Чем ближе они подъезжали к Теулю, тем больше росла тревога Эдмона. Что говорить? Что делать? Сосны и кипарисы были залиты солнцем, как в первый день их приезда. Он вспомнил щемящую грусть, охватившую его при расставании. В вестибюле был беспорядок, и уже по этому можно было заключить, что в доме беда. У лестницы Люси бросилась к Эдмону; ее синие глаза были полны слез.
— Ах, мосье… — воскликнула она. — Наконец-то! Вы спасете мадам!
— Какой ужас, милая Люси, — проронил он.
— Я пойду вперед, — сказал доктор. — Постараюсь объяснить ей, что вы приехали.
Забыв от горя условности, Люси схватила Эдмона за руку и привлекла к себе:
— Это нехороший доктор, мосье. Он только вредит мадам. Она его боится.
— Как это «боится»? — удивился Эдмон.
Но тут доктор позвал его. Дениза лежала в постели, и при виде ее Эдмон сначала почувствовал облегчение; она не изменилась; не верилось, что она тяжело больна; но, подойдя ближе, он пришел в ужас от ее бессмысленного взгляда. Словно какая-то туманная завеса опустилась на ее ясные глаза.
«Не волноваться! — внушал он себе. — С ней, разумеется, надо говорить спокойно».
И он попробовал заговорить самым непринужденным тоном:
— Здравствуйте, дорогая. Вот я наконец и приехал.

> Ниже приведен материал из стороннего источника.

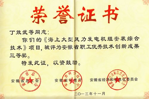 该五项技术成果分别是:丁效武等人研发的《海上大型风力发电机组安装综合技术》获得安徽省总工会、科技厅、经信委授予的“安徽省职工优秀科技创新成果三等奖”;魏鹏的《临时索道安装工法》、丁效武的《2000kw风力发电机安装工法》、陶金福的《3200m3高炉系统热风炉筑炉施工法》和倪淑梅的《地轨式索道安装工法》分别获得安徽省劳动竞赛委员会和安徽省总工会授予的“安徽省职工先进操作(工作)法”。
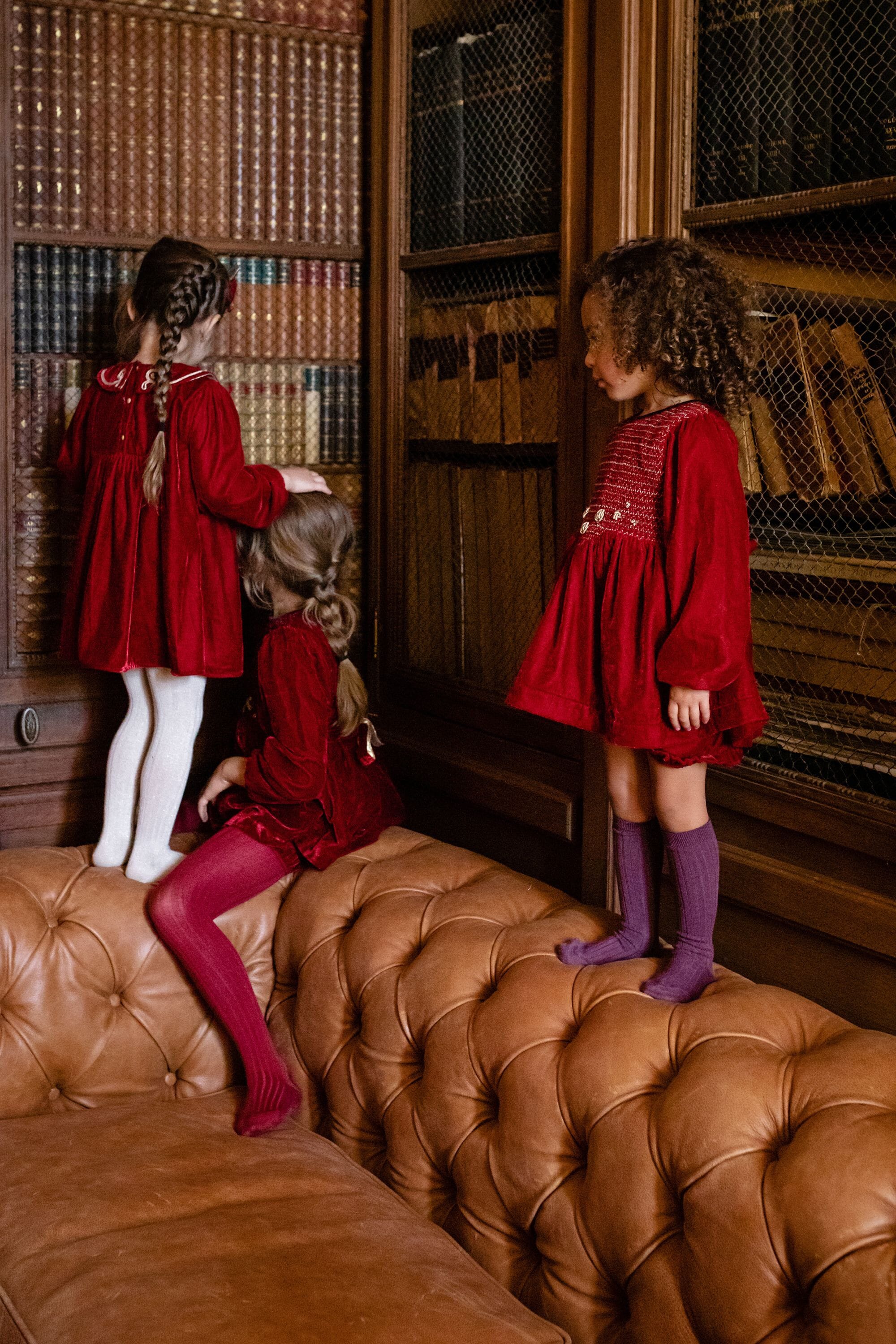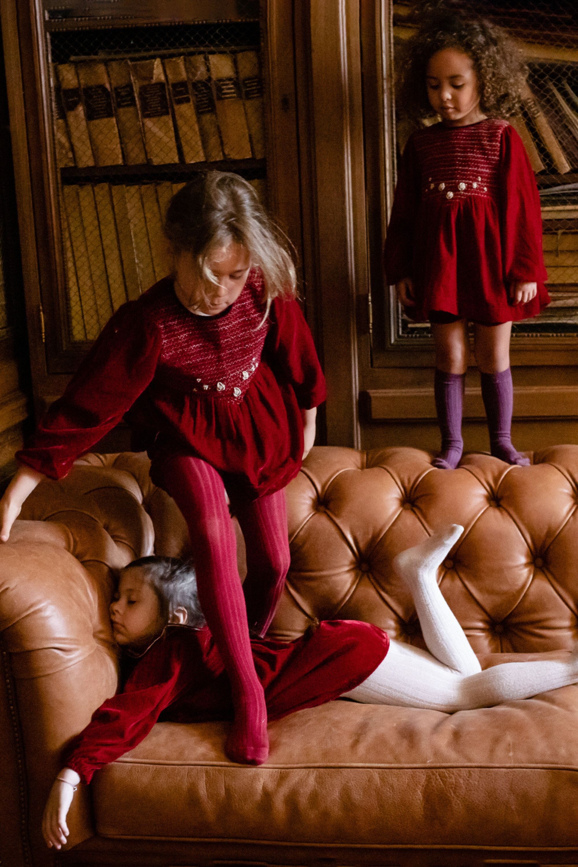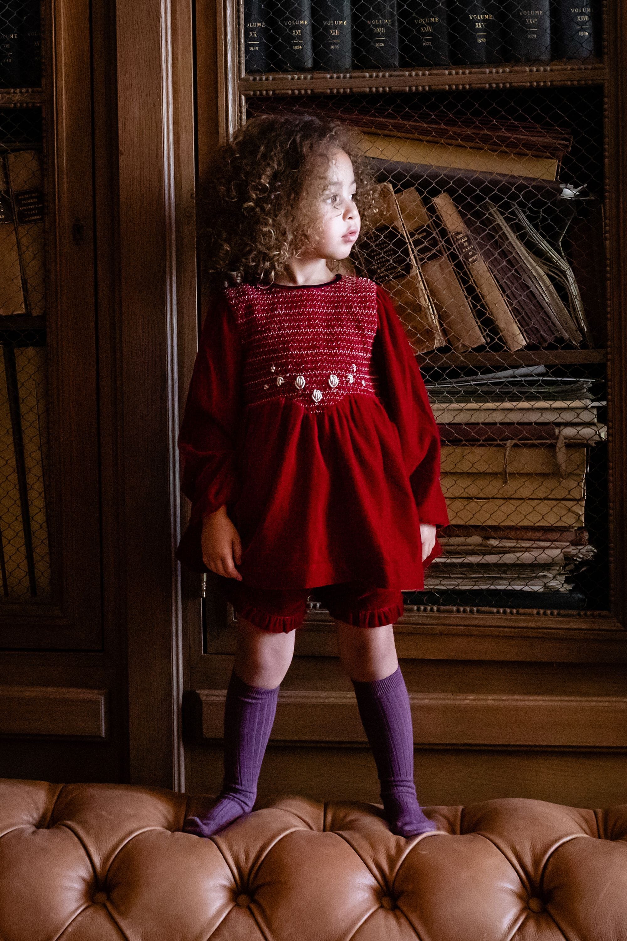 Blouse/Robe courte, Velours, Couleur Pomme d’amour, Doublure unie et contrastée en voile de coton bio, Entièrement smockée sur le devant, Broderies main dorées, Manches longues élastiquées, Boutons dorés et ceinture dans le dos.

Она взглянула на него с удивлением и провела по его лицу рукой, как бы желая убедиться, что видит его наяву.
— Это вы? — проговорила она. — Правда? Это действительно вы, Эдмон?
«Надо говорить попроще, — подумал он, — как можно проще, говорить о чем-то определенном, понятном…»
— Конечно, это я, — продолжал он, — я приехал в Канны в одиннадцать пять, а до Тулузы летел самолетом.
Она ласково гладила его волосы.
Доктор жестом простился с Эдмоном и вышел. Она сказала:
— Поближе, поближе, дорогой. Мне надо вам кое-что объяснить. Вы один можете спасти меня. Этот доктор — дьявол, он хочет меня сжечь.
— Да что вы, дорогая! У вас был небольшой бред… Теперь я возле вас и все уже прошло… Это местный врач, он уже лечил тут весь дом.
— Нет, — возразила она все тем же голосом, робким и жутким. — Это он только так говорит, а на самом деле он — дьявол… По ночам он приходит сюда и раздувает тлеющие уголья… Он хочет толкнуть меня на них, но я держусь, я сильная. Вы поможете мне, Эдмон, правда? Поможете? Вы запретите ему входить ко мне?
Эдмон стал терпеливо, ласково уговаривать ее. Мгновеньями казалось, что она понимает; она говорила, улыбаясь:
— Да, вы правы, дорогой. Так что же это? Я сходила с ума? У меня был бред?
Потом она снова погружалась в свои мысли.
— Я хотела перевернуть весь мир, — говорила она, — и оказалась побежденной.